> _Work to be completed_:
Reproduce exactly, from the data that follows, the line with "520日下午,志愿者们在社区", the line with "Womens knit dress, handkerchief", and every line that lies between them.

> _Source material_:
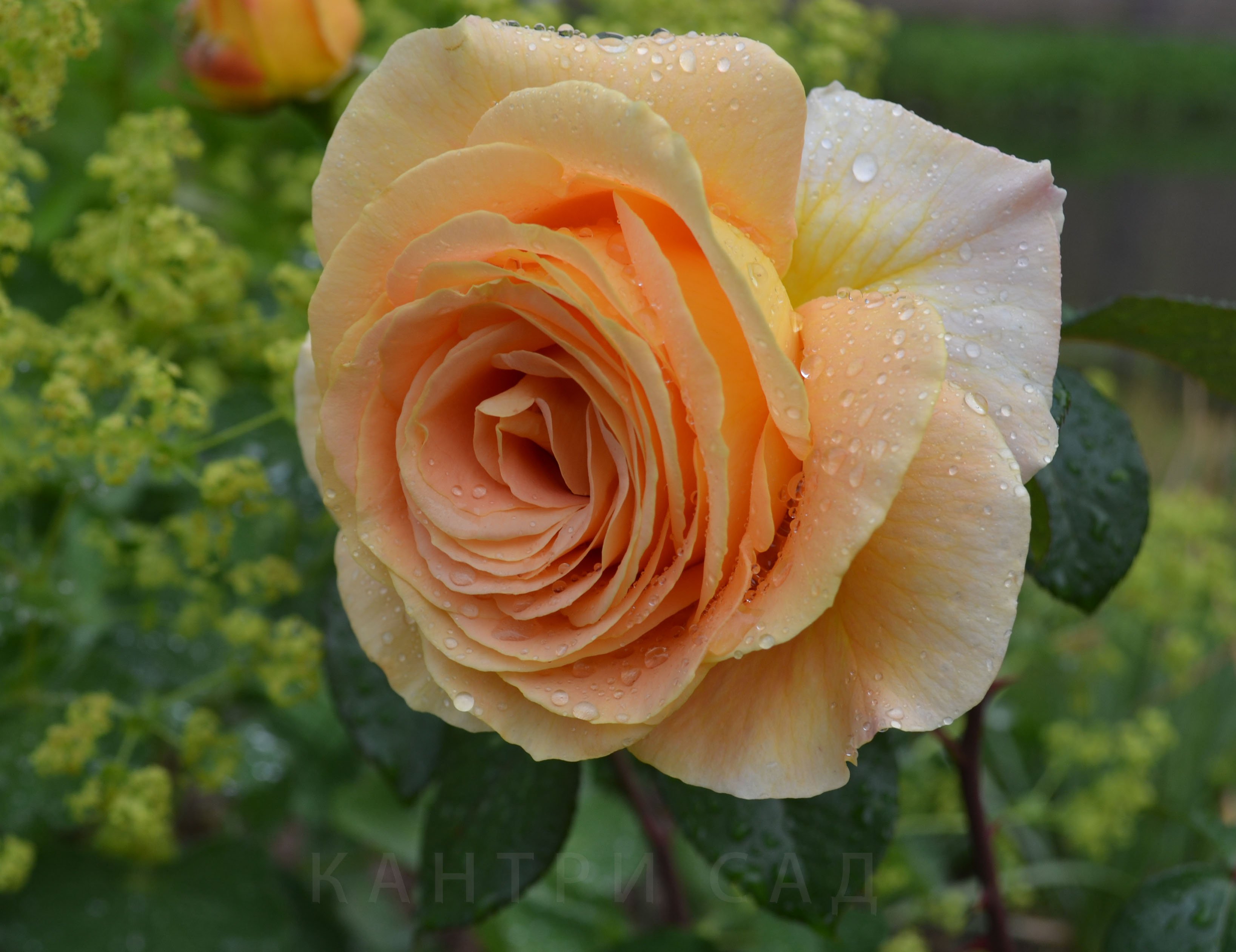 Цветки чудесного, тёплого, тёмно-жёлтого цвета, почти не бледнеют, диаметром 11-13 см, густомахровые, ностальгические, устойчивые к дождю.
--
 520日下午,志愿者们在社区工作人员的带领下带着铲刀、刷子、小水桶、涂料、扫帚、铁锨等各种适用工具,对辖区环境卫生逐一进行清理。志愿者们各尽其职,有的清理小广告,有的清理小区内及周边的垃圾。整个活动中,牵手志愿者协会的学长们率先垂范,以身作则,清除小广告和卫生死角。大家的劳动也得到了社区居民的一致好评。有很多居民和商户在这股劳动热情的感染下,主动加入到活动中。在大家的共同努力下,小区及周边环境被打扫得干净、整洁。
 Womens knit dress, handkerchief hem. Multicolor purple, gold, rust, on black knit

> _Solution_:
 520日下午,志愿者们在社区工作人员的带领下带着铲刀、刷子、小水桶、涂料、扫帚、铁锨等各种适用工具,对辖区环境卫生逐一进行清理。志愿者们各尽其职,有的清理小广告,有的清理小区内及周边的垃圾。整个活动中,牵手志愿者协会的学长们率先垂范,以身作则,清除小广告和卫生死角。大家的劳动也得到了社区居民的一致好评。有很多居民和商户在这股劳动热情的感染下,主动加入到活动中。在大家的共同努力下,小区及周边环境被打扫得干净、整洁。
 Womens knit dress, handkerchief hem. Multicolor purple, gold, rust, on black knit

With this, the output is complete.